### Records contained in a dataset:
+ + + +
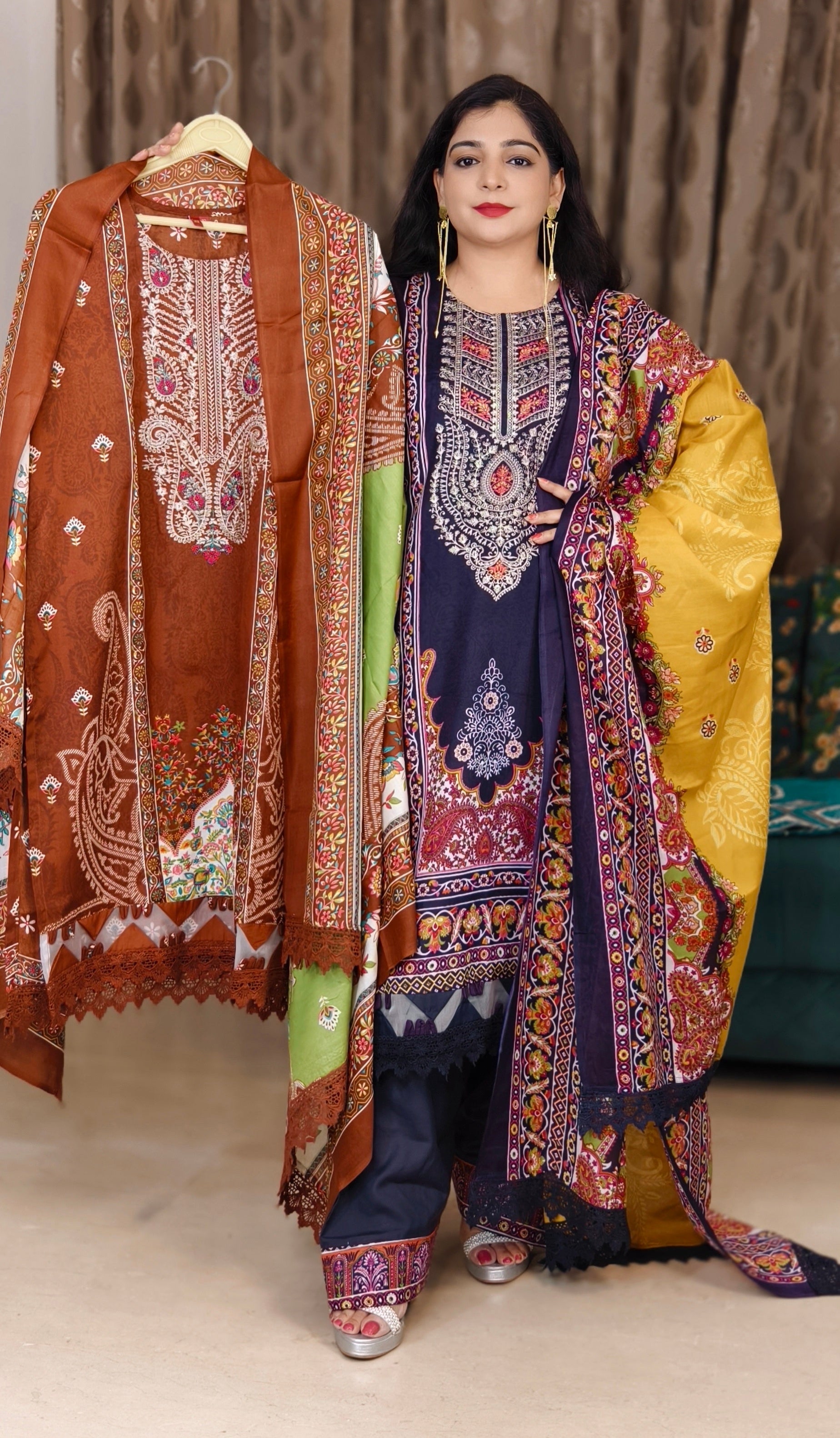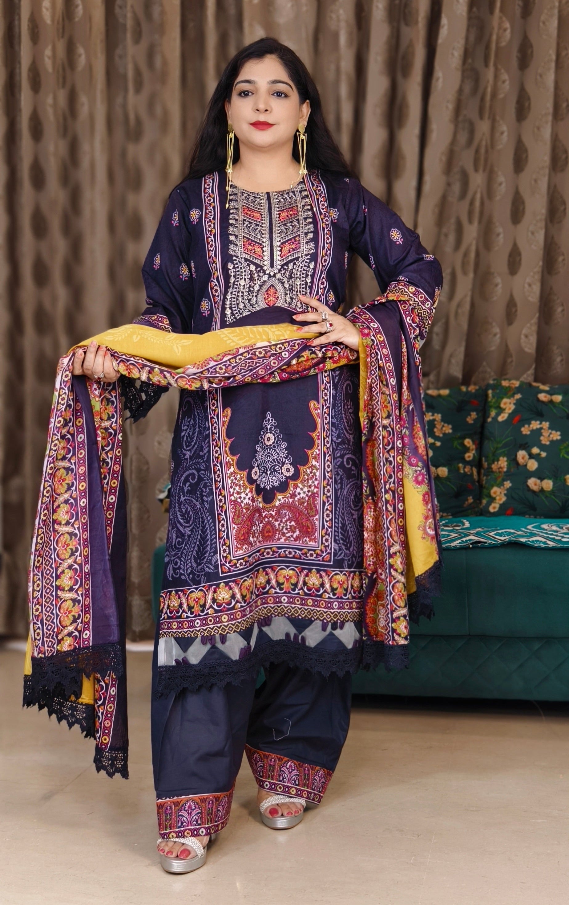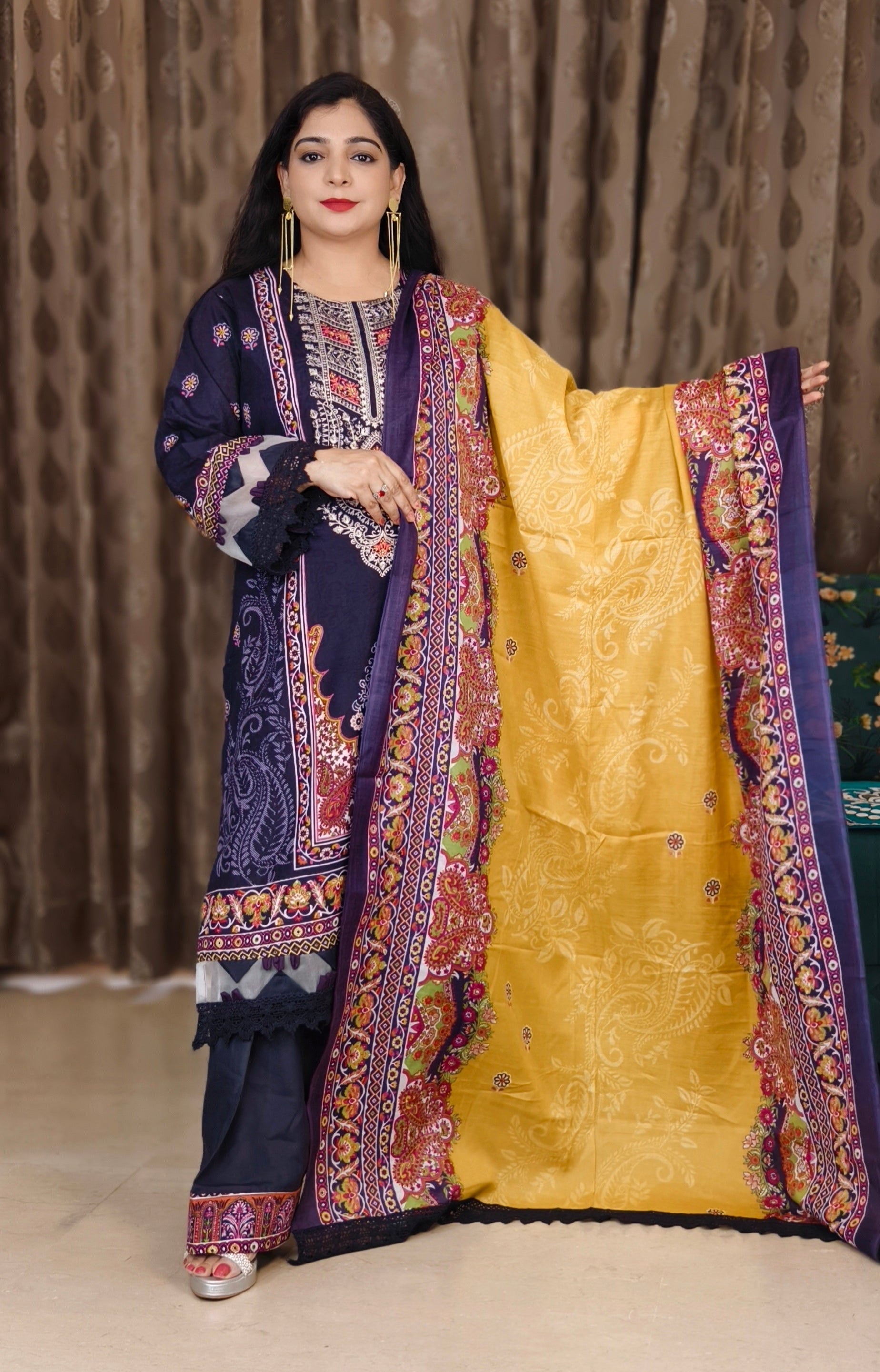A must have PURPLE AND RUST PRINTED LAWN COTTON SUIT WITH CONTRAST DUPATTA AND FARSI PANT in your wardrobe. It comes with Printed dupatta.
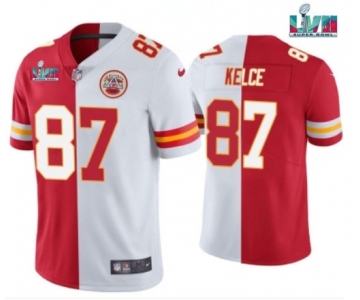 Men’s Kansas City Chiefs #87 Travis Kelce Red & White Split Super Bowl LVII Patch Limited Stitched Jersey
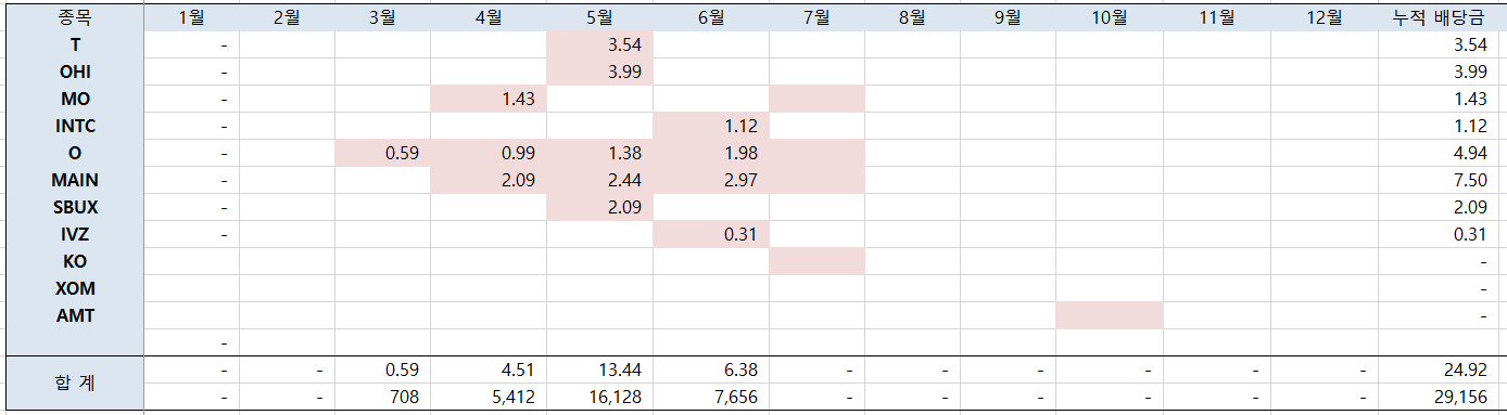 3월부터 배당금을 받기 시작하여 총 4달 째 적지만 꾸준히 배당금을 지급받고 있다. 미국 주식 수익률은 완전히 회복되지 못하고 있지만 기계적으로 조금씩 매수하여 AMT라는 새로운 종목도 생겨났다. AMT는 배당락 며칠이 지난 이후에 사서 10월이 되어서야 배당금을 지급받을 수 있을 예정 ㅜㅜ 아시비.
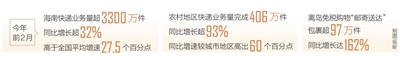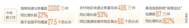 省邮政管理局相关负责人表示,今年1月至2月,海南快递业务量超3300万件,同比增长超32%,接近同期全国服务业生产指数同比增速的6倍。
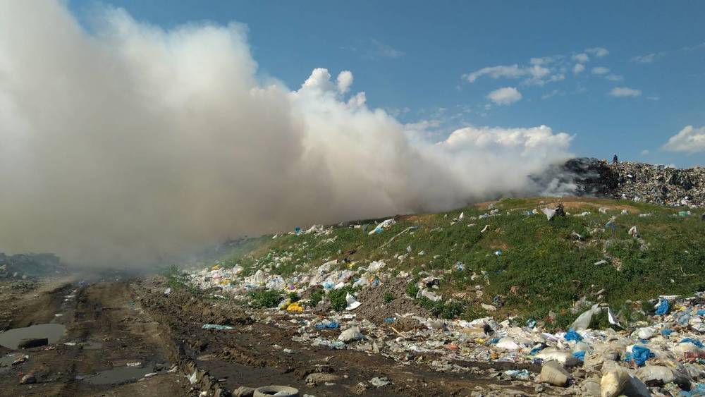 "Сейчас продолжается ликвидация пожара на свалке, площадь которого составляет ориентировочно 1500 кв. м", - говорится в сообщении.
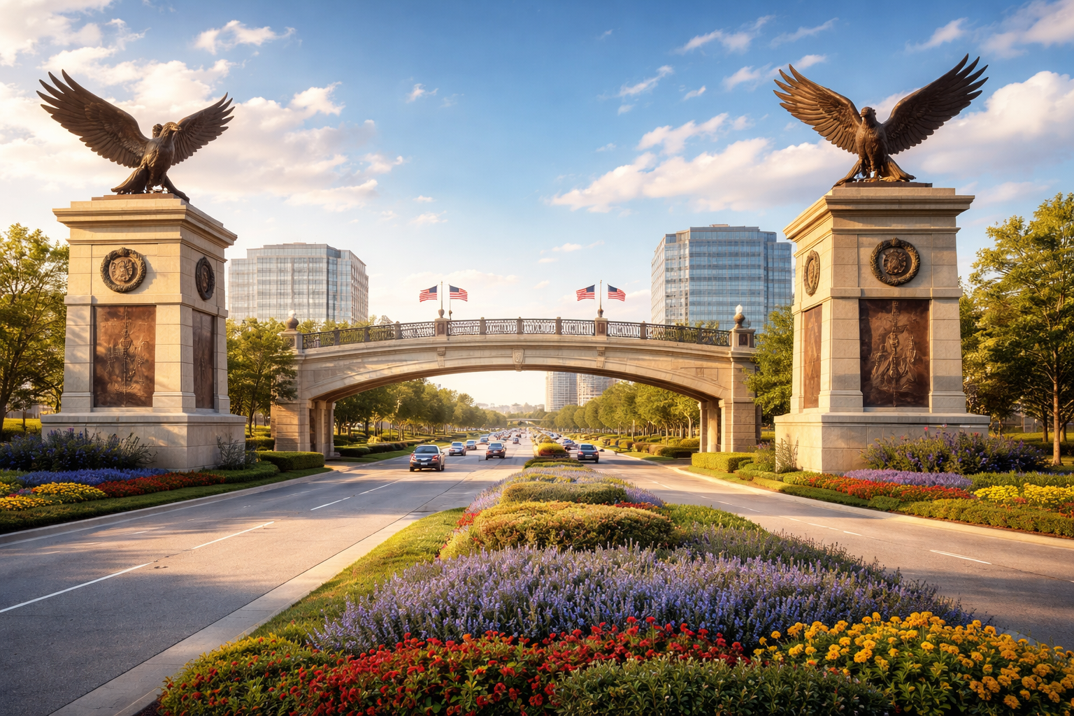 レガシー・ペデストリアンブリッジのモニュメントは、レガシー・ビジネスパークの象徴的な入口に位置し、ペローのビジョンとプレイノの成長ストーリーを訪問者や通勤者に伝えるランドマークとなります。
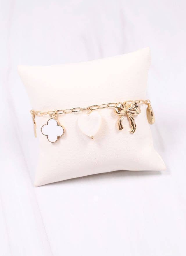 This bracelet features wonderful charms in shiny gold and pearl accents. It can easily be styled for casual outfits or dressy looks.
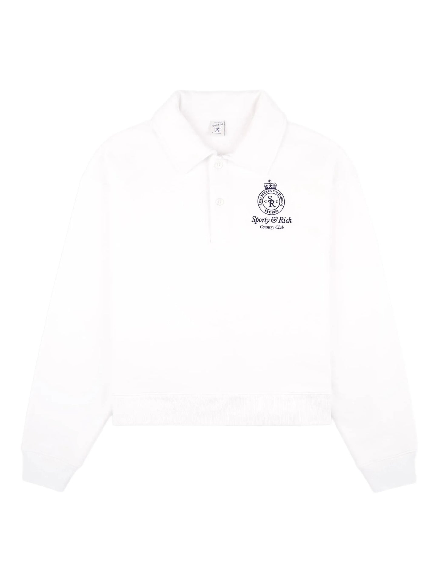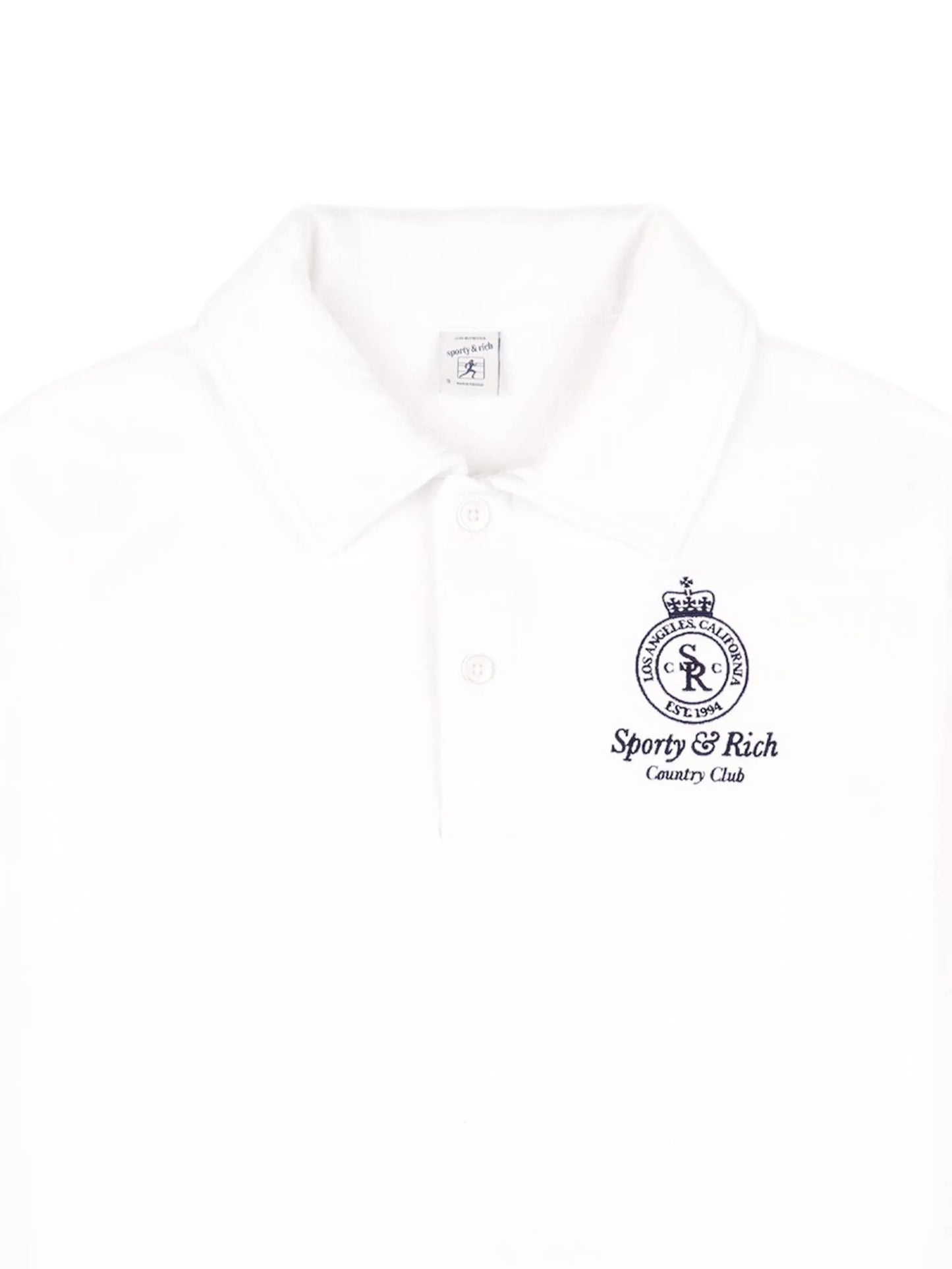 SPORTY & RICH WOMEN Crown Country Embroidered Cropped Polo Sweater White
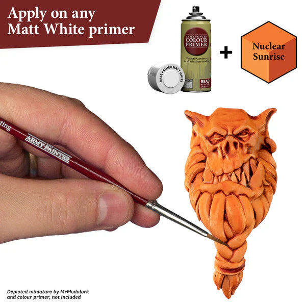Speedpaint is truly a one-coat painting solution. Simply apply one rich coat of Speedpaint directly over a primed miniature and you are done! The Speedpaint will leave that part of the model with both intense shading, vibrant colour, and a highlight effect in one application.
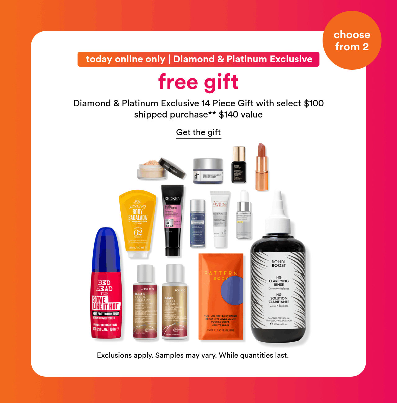 - Ulta – Free Diamond & Platinum Exclusive! Choose a free 14pc gift worth $140 (2 options) with any $100 purchase.
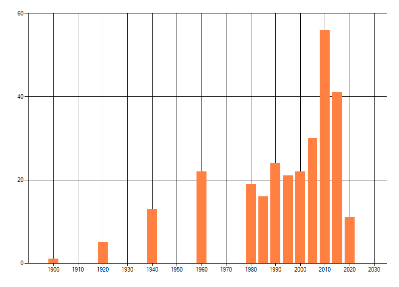 Het aantal atlasblokken (5x5 km) waarin de soort is gemeld binnen een periode van vijf jaar (vanaf 1980) of twintig jaar. Niet gecorrigeerd voor waarnemersinspanning en het aantal doorgegeven waarnemingen kan sterk variëren per periode, dus een trend in verspreiding kan hier niet direct uit worden afgelezen. Het opgegeven jaartal is het eerste jaar van de periode. Bron: gevalideerde waarnemingen uit de NDFF.
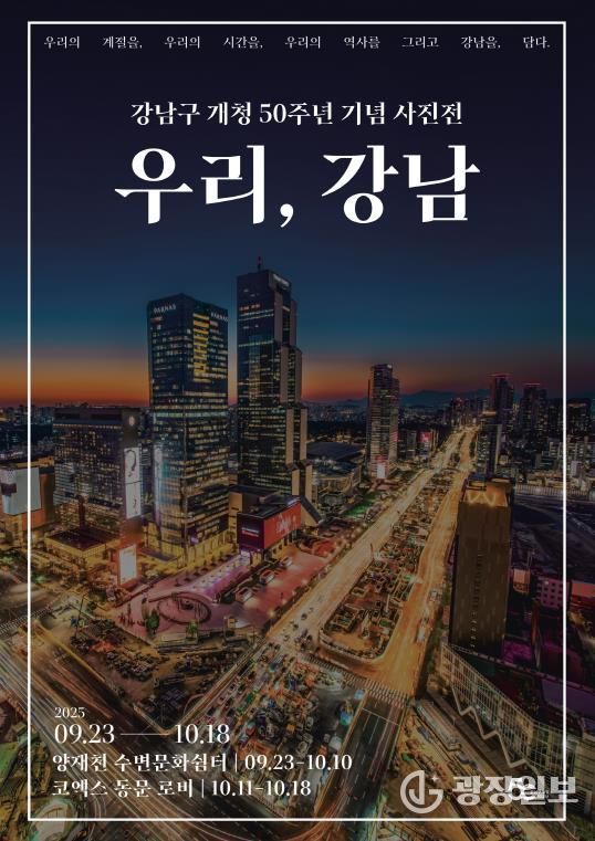 광장일보 주리아 기자 | 꿈이 모이는 도시, 미래를 그리는 강남구가 개청 50주년을 맞아 강남의 변화와 일상을 기록한 기념 사진전 ‘우리, 강남’을 연다. 전시는 9월 23일~10월 10일 양재천 수변문화쉼터, 이어 10월 11일~10월 18일 코엑스 동문 로비에서 야외 순회로 진행돼 더 많은 시민이 일상 동선에서 자연스럽게 관람할 수 있다.
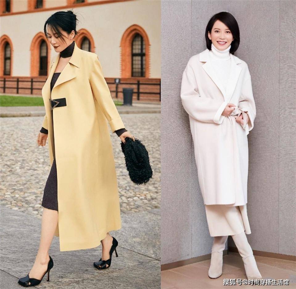 在俞飞鸿的大衣搭配当中,我们能发现她的搭配是有许多技巧的。第一点就是要留白,大多数人秋冬搭配太厚重,全身包裹得严严实实的从而导致了臃肿感,这时我们不妨去参考一下俞飞鸿的思路,颈部或者是腿部进行留白,加强了呼吸感,这样的打扮远远比那种包裹性很强的搭配看上去更时髦有气质。
+ + + +
### WORK ITEM:
All that should be returned is the run of lines from the start of the entries above to the line bearing "省邮政管理局相关负责人表示,今年1月至2", each exact, with pictures omitted.

### TASK SOLUTION:
A must have PURPLE AND RUST PRINTED LAWN COTTON SUIT WITH CONTRAST DUPATTA AND FARSI PANT in your wardrobe. It comes with Printed dupatta.
 Men’s Kansas City Chiefs #87 Travis Kelce Red & White Split Super Bowl LVII Patch Limited Stitched Jersey
 3월부터 배당금을 받기 시작하여 총 4달 째 적지만 꾸준히 배당금을 지급받고 있다. 미국 주식 수익률은 완전히 회복되지 못하고 있지만 기계적으로 조금씩 매수하여 AMT라는 새로운 종목도 생겨났다. AMT는 배당락 며칠이 지난 이후에 사서 10월이 되어서야 배당금을 지급받을 수 있을 예정 ㅜㅜ 아시비.
 省邮政管理局相关负责人表示,今年1月至2月,海南快递业务量超3300万件,同比增长超32%,接近同期全国服务业生产指数同比增速的6倍。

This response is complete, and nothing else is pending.